You want version 1 UUIDs. They don't collide but they leak the generating computer's MAC address and require a monotonic clock.
From RFC4122 we have this format
8 bytes time-low
2 bytes time-mid
2 bytes time-high & version (high nybble is a 1)
2 bytes clock-seq-high & reserved (high two bits are 1 and 0)
2 bytes clock-seq-low
6 bytes MAC address
Clock-sequence is actually the subsecond portion of the clock now.
The thing about the two byte fiedls is they are not two one byte fields. If you mess the code up, you get different results on little endian and big endian machines and you have a chance of collision again. The string form looks like this no matter what your endian is:
????????-????-1???-[89AB]???-?[02468ACE]??????????
The thing about this is when it works, it works. If you don't have MAC address collisions (the general rule is if you get colliding MAC addresses, RMA both cards) and if you actually have a monotonic clock, this works 100% of the time.
There's a work around for not having a monotonic clock. That is, do it the old way. Serialize all UUID generations and use clock-seq as a counter that increments with each generation.
The thing about this is you will have bad generation and most likely collisions if your PC battery dies on any node that generates.
It's been pointed out in comments that VMs don't really get globally unique MAC addresses, and it has also been pointed out that the solution to this is to hand out the node IDs yourself. When you do this you are supposed to set the broadcast bit (the one marked [02468ACE] so that it would match [13579BDF] instead).
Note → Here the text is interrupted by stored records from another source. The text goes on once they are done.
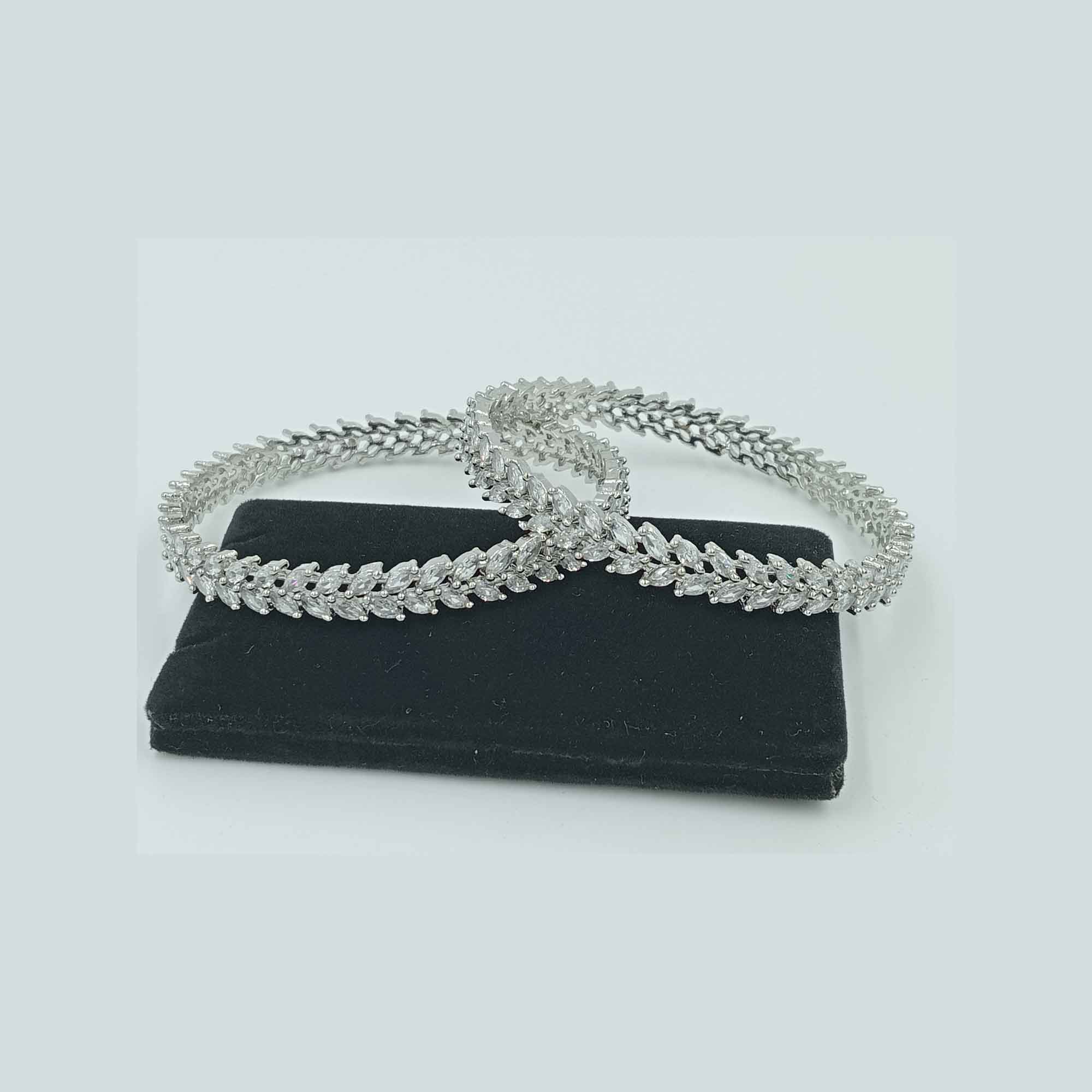 Elegent Silve Color American Diamond Bangle Kangan Kada Set (Size 2.8)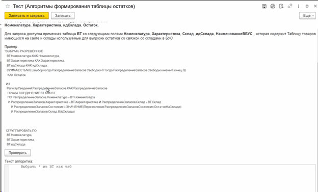 Если выбран произвольный алгоритм: 1. Перейдите в справочник «Алгоритм формирования таблицы остатков» 2. Напишите свой запрос для формирования таблицы остатков 3. Верность синтаксиса написанного алгоритма можно узнать кнопкой «Проверить» 4. При успехе : «Алгоритм прошел проверку» 5. Сохраните настройки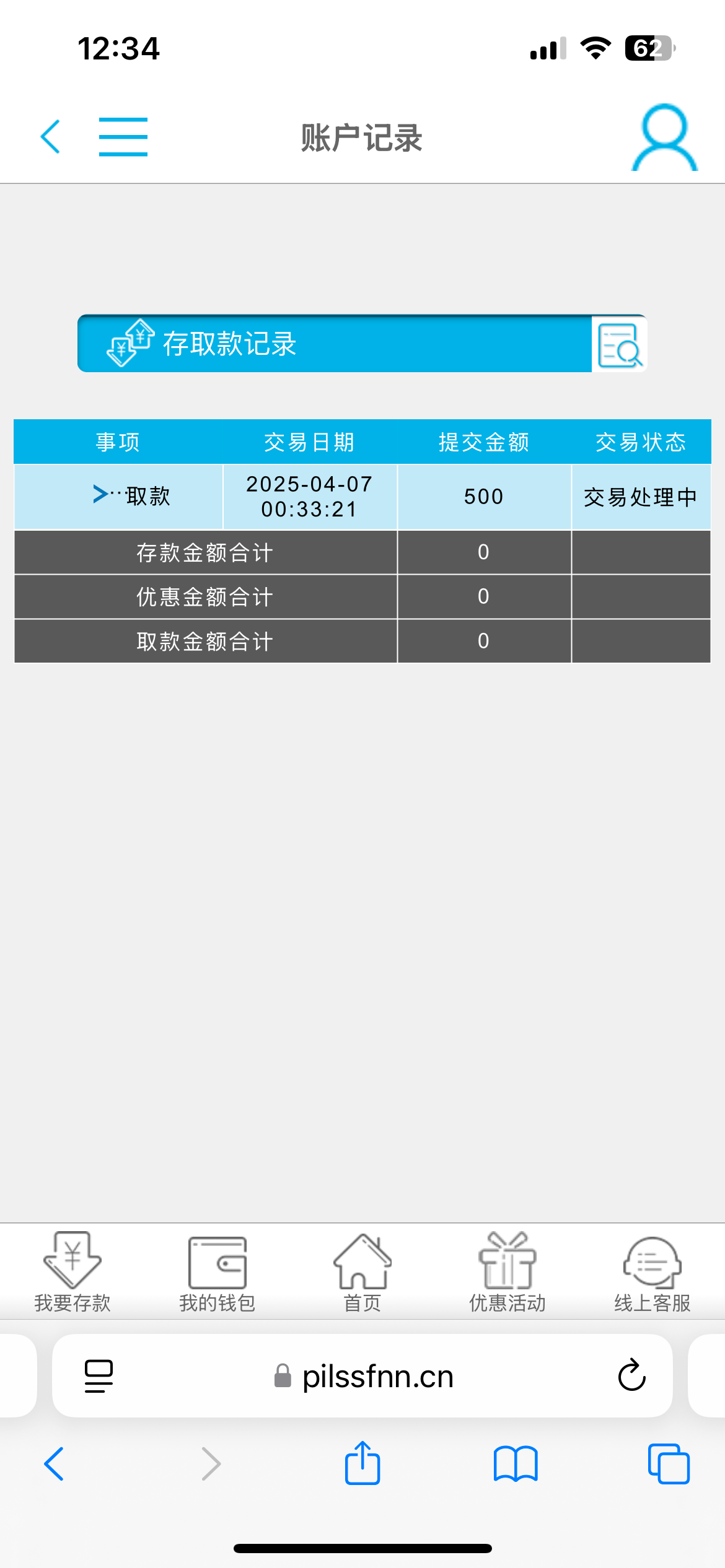 我还是抱有希望 目前输剩500看看你们能不能到账 到账了我就提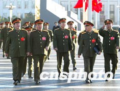 中國(guó)軍方高級(jí)將領(lǐng)的黨代表們,十四日清晨在北京出席中共十六大閉幕會(huì)。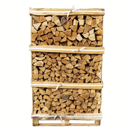 In Einwegpaletten gestapelt. Die Einwegpaletten können Sie auch zu Anzündholz verarbeiten.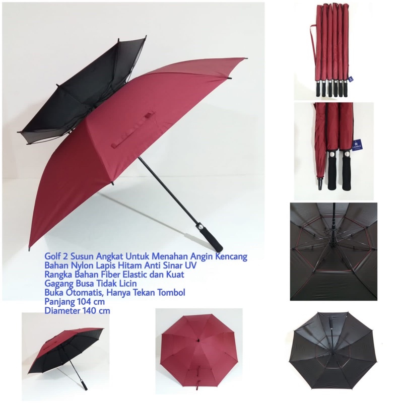 Payung Golf Susun Angkat Besar Jumbo Lapis Hitam Anti UV Lasika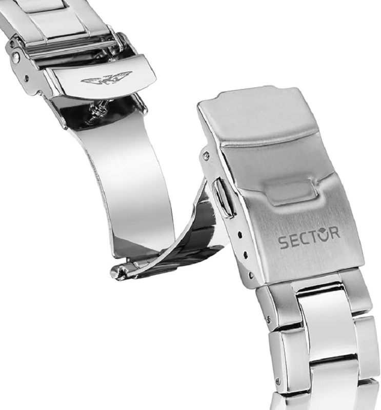 OROLOGIO SECTOR 230 - R3273661049 - Genere : Uomo - Modello: Cronografo, con Data - Materiale e finitura cassa: Acciaio inox - Misura cassa: 43 mm - Spessore cassa: 12,00 - Finitura cassa: Lucido, Satinato - Colore quadrante: Bianco, con lancette e indici lumosi al buio - Colore cassa: Acciaio inox - Vetro: minerale - Lunetta: Nera, con scala tachimetrica - Materiale bracciale: acciaio inox - Chiusura: Fibbia Diver con blocco sicurezza - Water resistant: 10 atm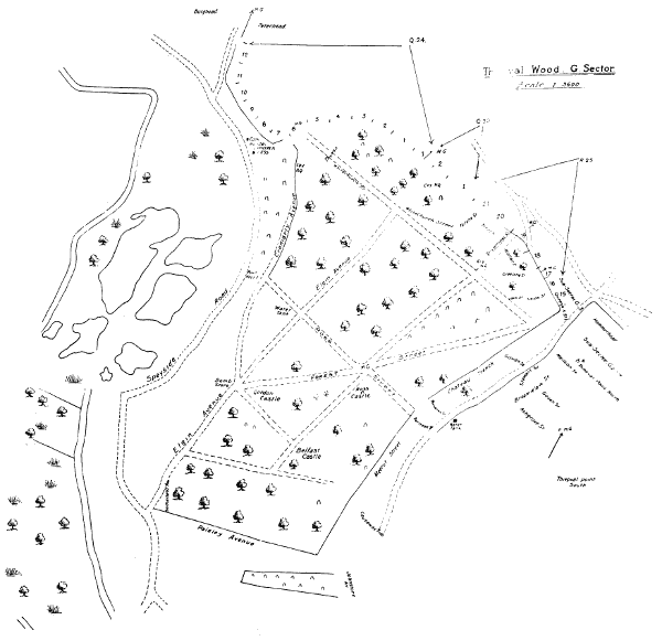 A larger version of the map of Thiepval Wood, G. Sector can be seen by clicking on the image.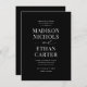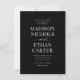 Este convite de casamento elegante e moderno apresenta um roteiro de caligrafia único, emparelhado com na moda. O esquema de cores preto e branco é perfeito para qualquer evento, formal ou casual.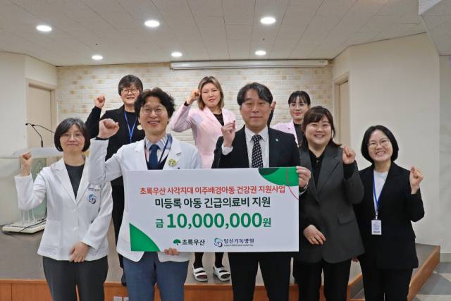 초록우산(부산지역본부장 조유진)은 지난 9일 일신기독병원에 미등록 쌍둥이 이주배경아동의 긴급 의료비 지원을 위한 후원금 1000만 원을 전달했다.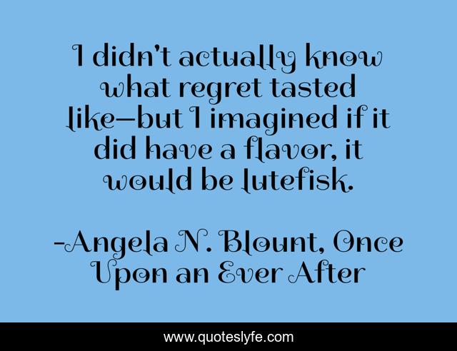This page presents the quote "I didn't actually know what regret tasted like—but I imagined if it did have a flavor, it would be lutefisk.". Author of this quote is Angela N. Blount, Once Upon an Ever After. This quote is about funny, comedy, funny-and-random, lutefisk, regret,.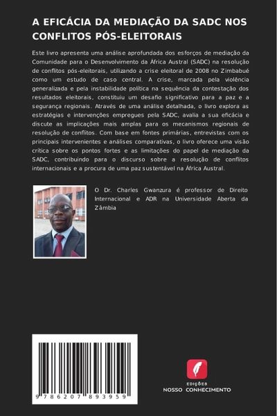 Este livro apresenta uma análise aprofundada dos esforços de mediação da Comunidade para o Desenvolvimento da África Austral (SADC) na resolução de conflitos pós-eleitorais, utilizando a crise eleitoral de 2008 no Zimbabué como um estudo de caso central. A crise, marcada pela violência generalizada e pela instabilidade política na sequência da contestação dos resultados eleitorais, constituiu um desafio significativo para a paz e a segurança regionais. Através de uma análise detalhada, o livro explora as estratégias e intervenções empregues pela SADC, avalia a sua eficácia e discute as implicações mais amplas para os mecanismos regionais de resolução de conflitos. Com base em fontes primárias, entrevistas com os principais intervenientes e análises comparativas, o livro oferece uma visão crítica sobre os pontos fortes e as limitações do papel de mediação da SADC, contribuindo para o discurso sobre a resolução de conflitos internacionais e a procura de uma paz sustentável na África Austral.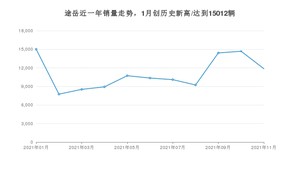 2021年11月,途岳销量为11862辆,同比下降7.44%,环比下降19.22%。1-11月份,途岳销量为121586辆,同比下降0.93%。在最近1年中,途岳销量在2021年01月达到最高,销量为15012辆。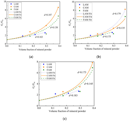 where Gc/Gm is the experimental value of the shear modulus ratio of asphalt mastic. ϕf is taken as the independent variable, the measured value of Gc/Gm as the dependent variable, and d as the fitting parameter for nonlinear fitting. To ensure that the physicochemical interactions between the asphalt and mineral filler dominate without being affected by inter-particle interactions, the volume fraction of mineral filler should be restricted within the critical volume fraction range during fitting. The fitting process is shown in Figure 10.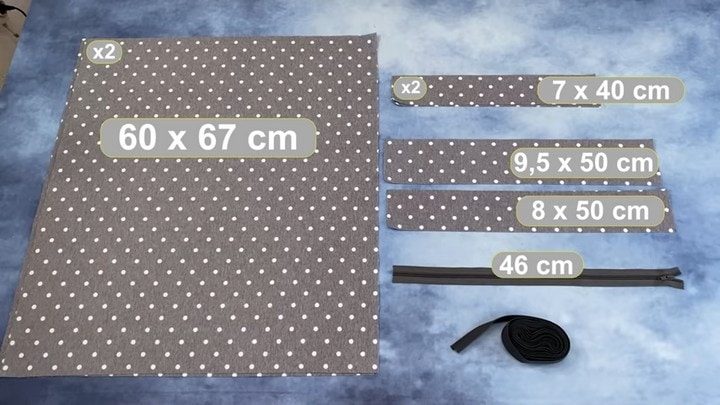 Вам понадобятся два прямоугольника ткани 60х67 см, для кармана один прямоугольник 21х33 см, две узкие полоски ткани 7х40 см, по одной полоске 9,5х50 см и 8х50 см, а также молния 46 см и косая бейка.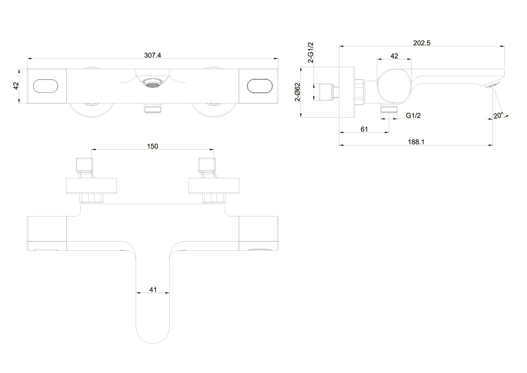- двухрычажная система регулировки силы струи и температуры воды
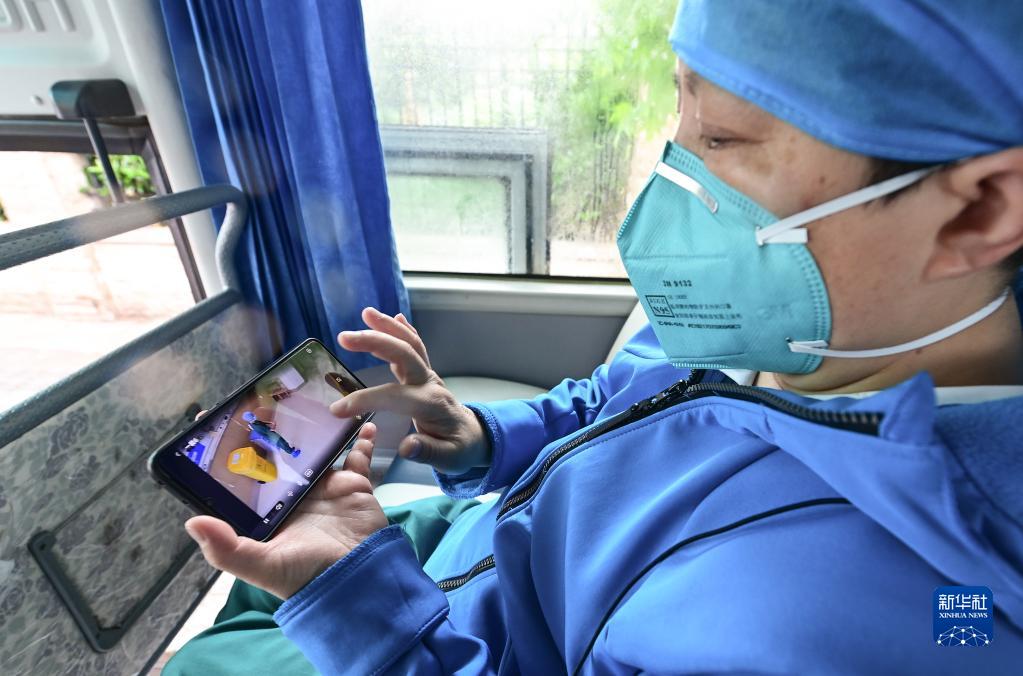 胡鷹鷹在大巴車上通過手機實時監看醫院“脫衣區”情況(5月13日攝)。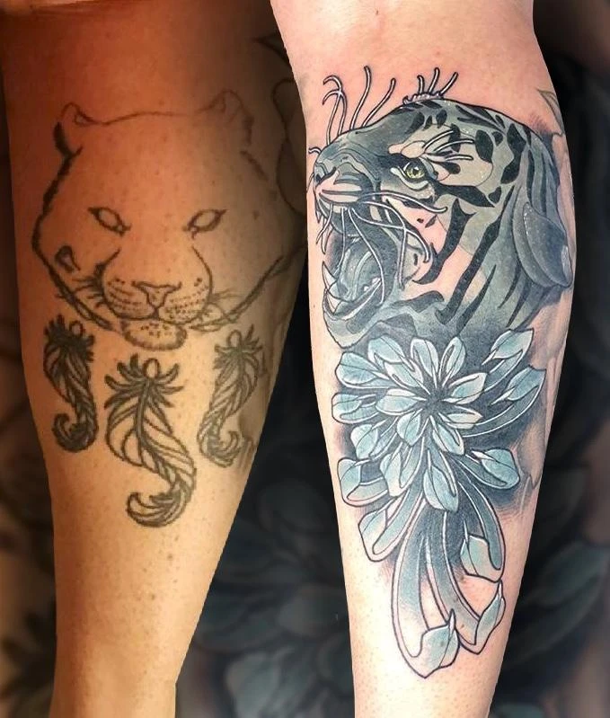 Un énorme motif pour faire table rase du passé après un premier tatouage totalement foiré. Bien sûr, c’est loin d’être parfait, et on voit encore ça-et-là des petits bouts de l’ancien dessin moche, qui dépassent sous les ombrages. Mais rien que quelques retouches ne sauraient progressivement corriger ! La preuve qu’il n’est jamais trop tard pour changer, apprendre de ses erreurs, et transformer une licorne à trois pattes (et sans grand relief) en combatif destrier.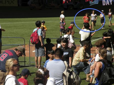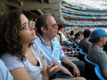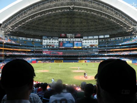 The entrance into Rogers Centre is impressive. We walked from the outside through the turnstiles and, boom, onto an open deck that looked out onto the field. Wow. It was a great game: the Red Sox led for 8 innings, and then, in the 9th, with the score at maybe 5 to 2, Papelbon choked and the Blue Jays turned it around. Four sweet runs after a long spell of nothing. At sports moments like that, team alliances matter nothing to me. I clapped for all the Blue Jays’ excellent hits and stolen bases. Eli remarked, “Only sports can make you feel like that.” It was Camp Day, and everyone 14 and under got to run the bases after the game, so Lydia, Grace, and I went down on the field and participated in the orchestrated fun.

If you can't tolerate leaking the MAC addresses and can't issue node IDs, you're stuck with lesser means. V4 UUIDs are really good for all terrestrial use under modern hardware assumptions (has thermal diode or other hardware random number generatorRNG). V5 UUIDs can do the job under specific circumstances (they're a hash of something else; the main problem is they're subject to adversarial attack).